Most of the approximately 30 percent of AML patients whose leukaemia cells have a mutation in the FLT3 gene have a particularly poor prognosis, as their disease tends to be more aggressive and is associated with a higher incidence of relapse.

While targeted therapies have improved treatment for other blood cancers, there have been few advances in AML.

Midostaurin is an experimental drug that inhibits many enzymes, including mutant FLT3.

This Phase III, multinational, randomised trial analysed whether adding midostaurin to standard chemotherapy would improve survival when compared to standard chemotherapy alone in adults aged 18 to 60 with this mutation.

Investigators randomised 717 adult patients with FLT3-mutated AML to receive either midostaurin (360) in pill form or placebo (357) in addition to standard chemotherapy followed by one year of maintenance therapy with the new drug.

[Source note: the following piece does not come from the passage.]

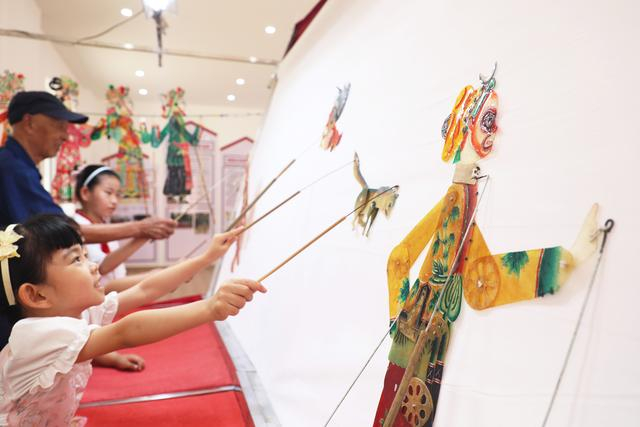 2024年6月10日,在河北省唐山市丰润区太平路街道锦祥社区,皮影艺人指导孩子们表演皮影戏。

The median time to either failure to achieve remission, relapse, or death in patients who received midostaurin was eight months compared to only three months in the standard treatment arm.

Standard chemotherapy with midostaurin and one year of maintenance therapy significantly improved median overall survival (74.7 months compared to 26.0 in the group receiving only standard therapy).

These findings suggest that midostaurin improves outcomes in younger adults with AML with this mutation when added to the standard chemotherapy regimen.